Seyfo Matheus Okbi, der von Ali „Fitnesstrainer“ bestens sekundiert wurde, debütierte in einem Vierrunder gegen Miroslav Cembic aus Bijeljina, Bosnien-Herzegowina. Der Kampf begann mit einigen kleineren, aber guten Aktionen auf beiden Seiten. Nach einem vermeintlichen Kopfstoß signalisierte Cembic Augenprobleme. „Kein Kopfstoß“ entschied der Referee und lag richtig, denn auch die erfahrene Ringärztin Dr. Beatrix Raudszus konnte nichts Auffälliges entdecken. Es war ein Ende mit Ansage. Cembic Ecke gab das Gefecht kurz nach dem Gong zur zweiten Runde auf. Der Berliner Okbi hatte sich seinen ersten Sieg sicherlich anders vorgestellt.
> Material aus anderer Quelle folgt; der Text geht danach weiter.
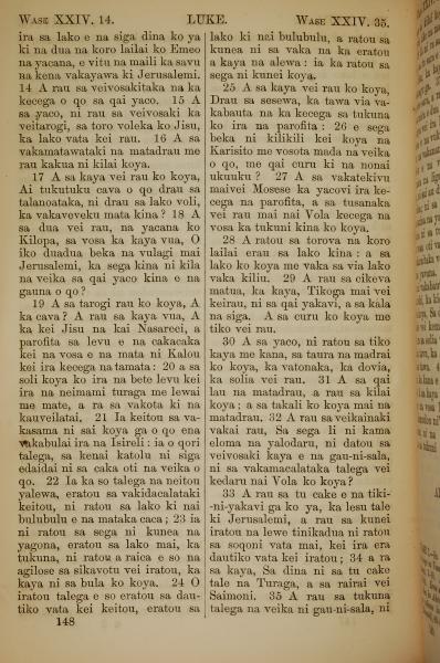 1858年斐济文新约全书 路加福音 24 章 14 节到 24 章 35 节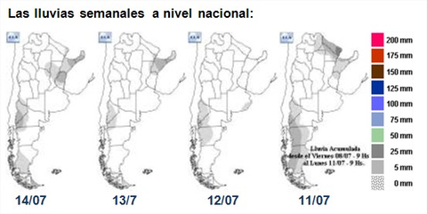 Durante esta semana las precipitaciones fueron prácticamente nulas en toda la región. Pero siguen manteniéndose condiciones de alta humedad y se destacan las temperaturas que estuvieron en constante ascenso siendo significativamente superiores a las de la semana anterior, inclusive más elevadas que las normales para el mes de julio.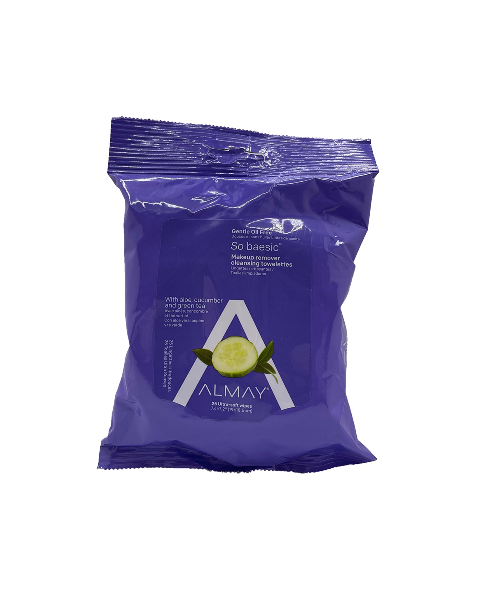 ALMAY GENTLE OIL FREE BAESIC MAKEUP REMOVER CLEANSING TOWLETTES - ALOE, CUCUMBER AND GREEN TEA (25 WIPE PACK)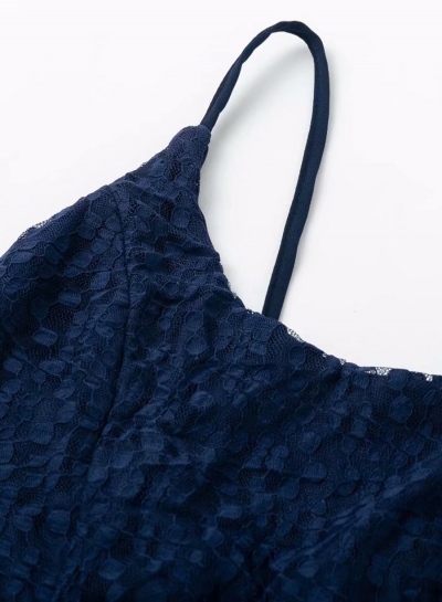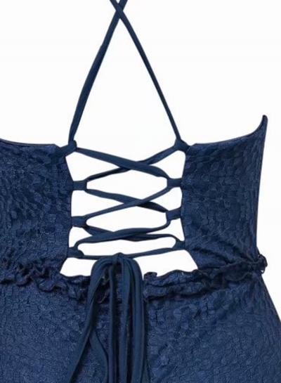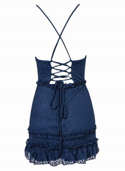Sexy Lace Spaghetti Strap Round Neck Backless Lace-Up Bodycon Dress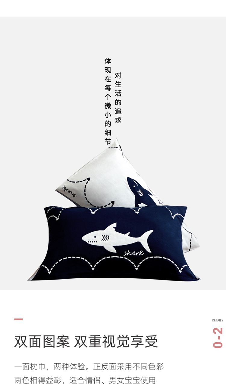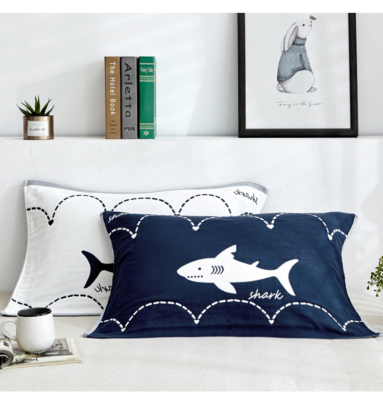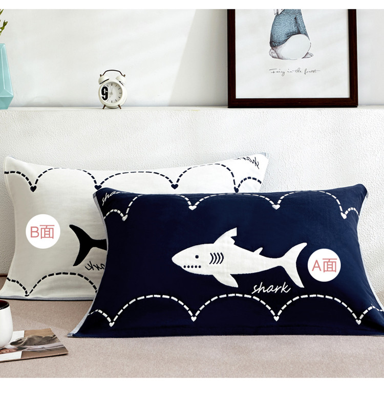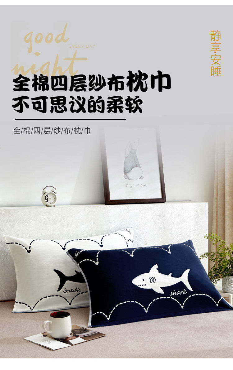朴尔 2022新款全棉四层纱布大版花独版枕巾(一对) 鲸鱼-藏青(50*80)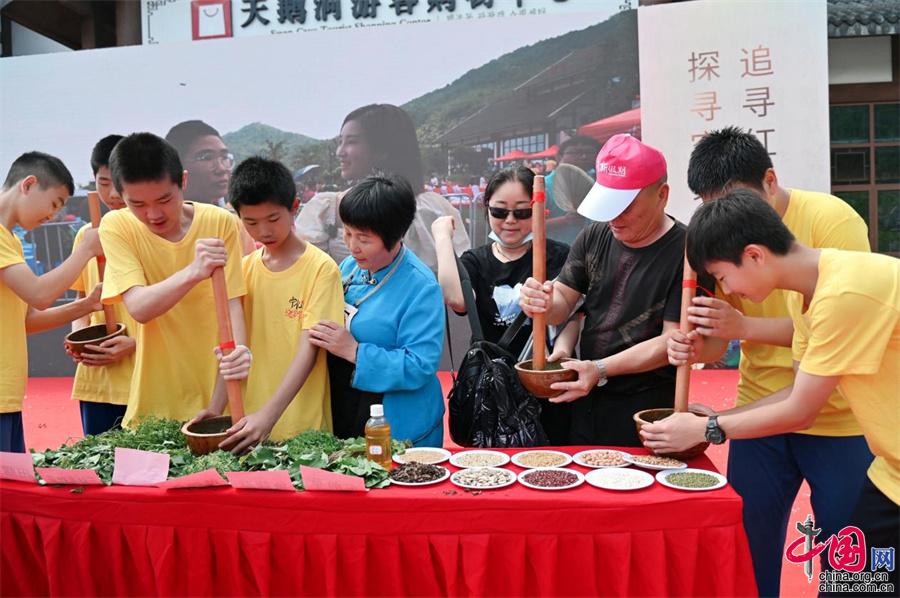 千人擂茶的場面,更是當(dāng)天的重點戲。游客們借助擂棍和擂缽,跟隨著非遺傳承人老師的節(jié)奏,將擂缽里的材料一一敲碎,擂出了濃郁的茶香味,也擂出了濃濃的客家情。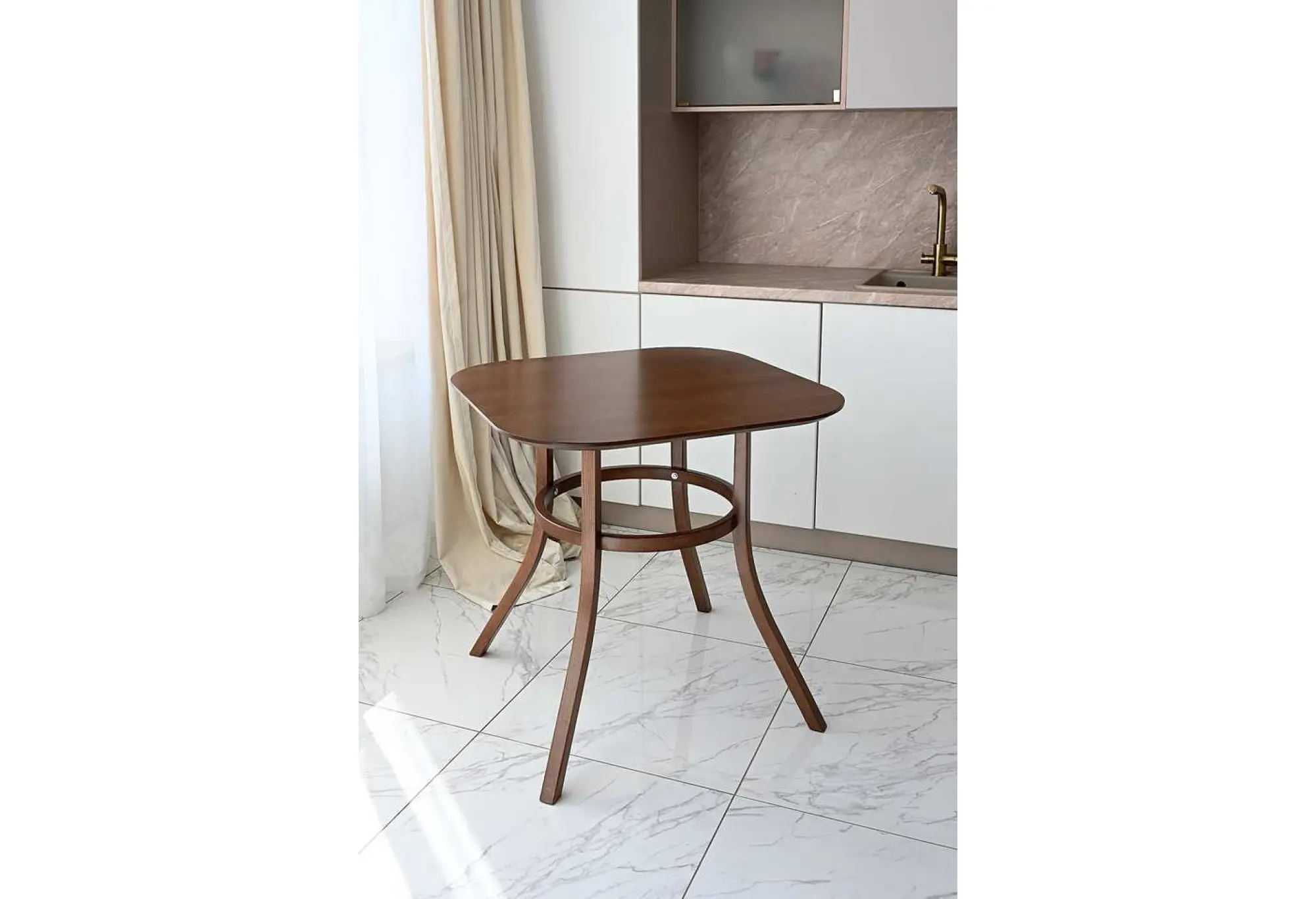 Продуманная конструкция сочетает прочность гнутого деревянного каркаса из бука с износостойким покрытием, представленным комбинацией материалов: верхняя и нижняя поверхности столешницы выполнены из качественного материала — многослойного МДФ, покрытого двумя слоями натурального шпона бука. Это решение обеспечивает надежность и долговечность даже при интенсивном использовании.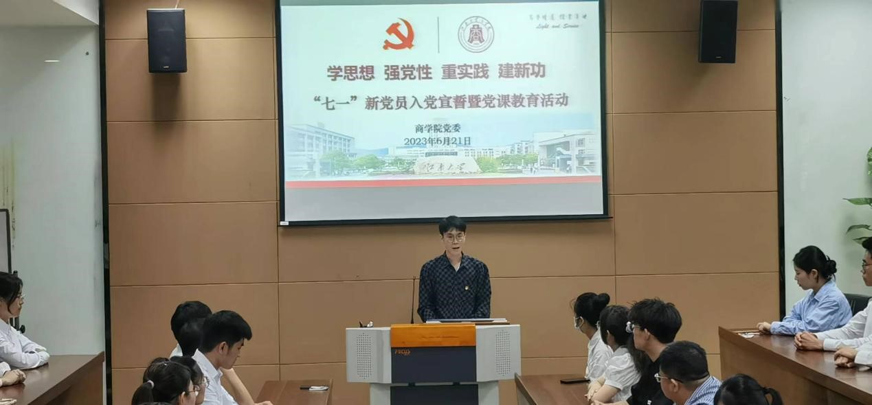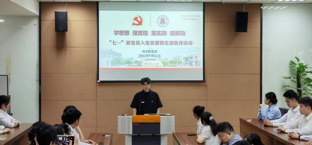 为深入学习贯彻党的二十大精神,持续推进学习贯彻习近平新时代中国特色社会主义思想主题教育走深走实,引导党员同志进一步强化党员身份意识,加强党性修养,坚定初心使命,激发砥砺奋斗的行动自觉,6月21日下午,新葡萄8883国际官网党委在学院118会议室举行“七一”新党员宣誓暨党课教育活动。新葡萄8883国际官网党委书记刘长青、党委副书记兼副院长徐静、57名新发展学生党员参加此次活动。活动由新葡萄8883国际官网学生党建辅导员周琳主持。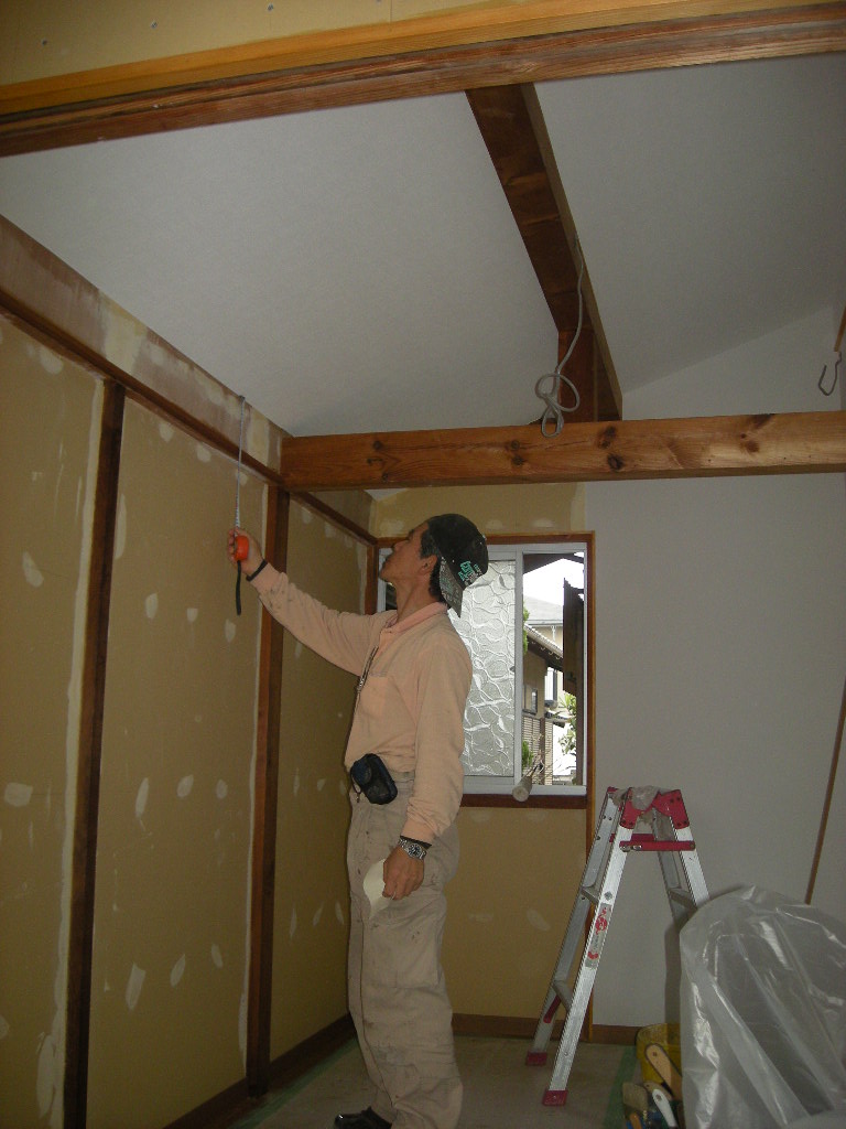天井の桁廻りもクロスを張るため、その下地となるベニヤを桁廻りに張って行きます!!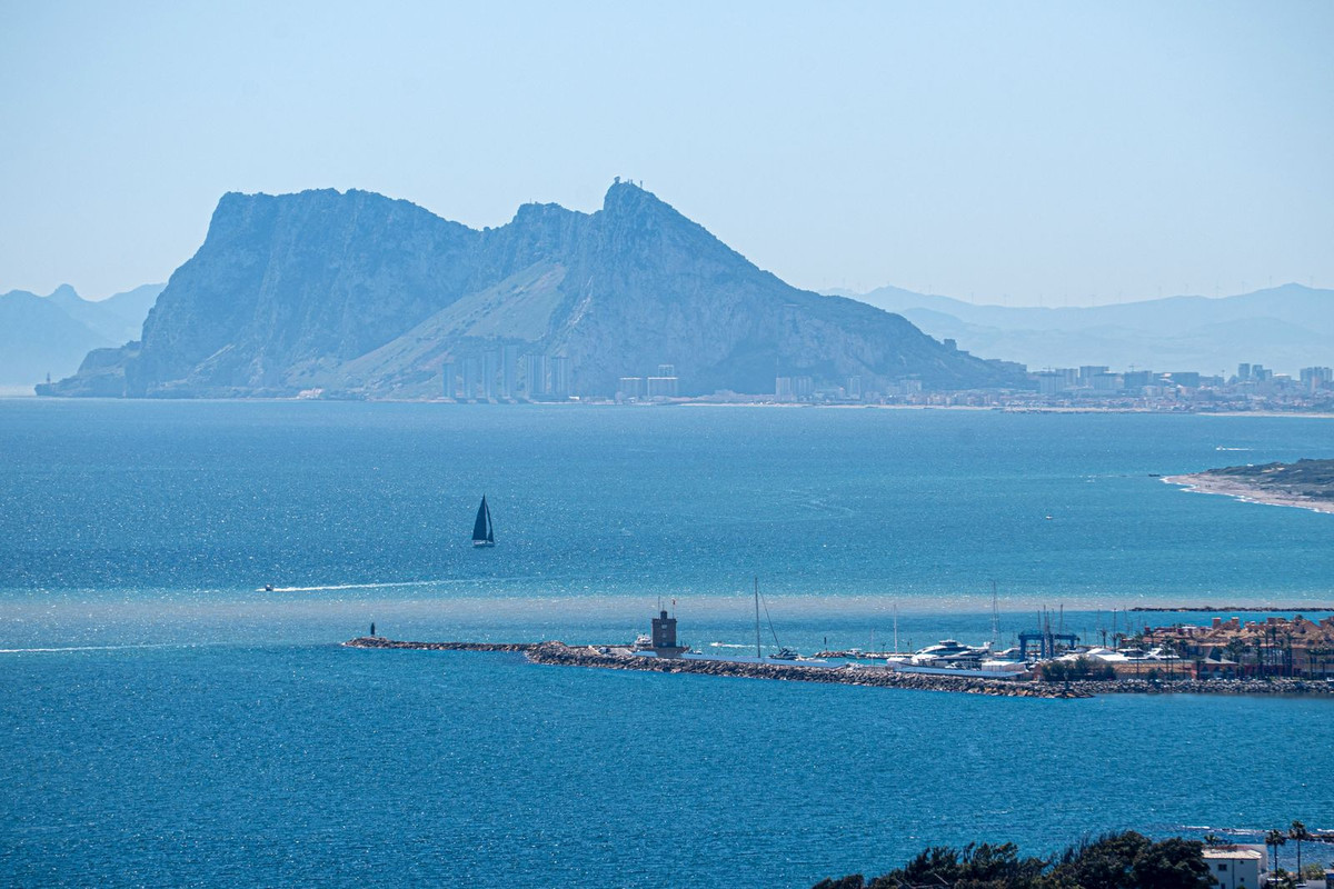 As one of the best houses on the complex, this townhouse offers a total of 4 bedrooms and 3 bathrooms. The private garage with two parking spaces leads directly into the house and the converted basement, which offers plenty of practical storage space. On the ground floor is the main entrance, the customized, open-plan designer kitchen with state-of-the-art equipment, a guest toilet and the living and dining area with wonderful views of the sea and Gibraltar. In the garden area, the south-facing orientation allows you to enjoy countless hours of sunshine on the terrace or in the private infinity pool.

Fight Nummer zwei war ein Hingucker in Cruisergewicht zwischen dem Neuberliner Romano Kujak und dem Ungarn Laszlo Ivanyi. Nach leichtem Abtasten zeigten sie attraktives Powerboxen. Kujak, der nun von Serguei Mitchnik promotet wird, übernahm die Führung und baute sie im Minutentakt aus. So sah es auch die Jury und erklärte ihn zum verdienten Punktsieger.

Der K.o.-Sieg von Wikings Neuentdeckung William Scull gegen Ivan Sakic war der gelungene Höhepunkt einer fantastischen Geburtstagsparty. Pedro Carrion, Vizeweltmeister im Schwergewicht und guter Freund von Winfried Spiering, machte ihn auf den kubanischen Supermittelgewichtler aufmerksam.

Der lud Scull für zwei Kämpfe nach Deutschland ein. Bei seiner Premiere in Neustadt-Glewe zeigte der sympathische Kubaner, welches Talent in ihm schlummert.

Spiering fand in einem Facebook Post für Sculls Auftritt lobende Worte. Gleichzeitig wies er auf die Schwierigkeiten hin für Scull einen Gegner zu finden und forderte zwei der führenden deutschen Supermittelgewichtler heraus: „Unsere kubanische Hoffnung, William ‚El Indomable‘ Scull holt sich einen klaren K.o.-Sieg in der zweiten Runde.

William ließ den 5 kg schwereren, als Ersatz eingesprungen, Ivan „The Policeman“ Sakic keine Chance. Ein krachender Leberhaken in der ersten Runde läutete schon das vorzeitige Ende ein. Ein präziser Haken zum Kopf brachte den perfekten K.O.-Sieg in der zweiten Runde.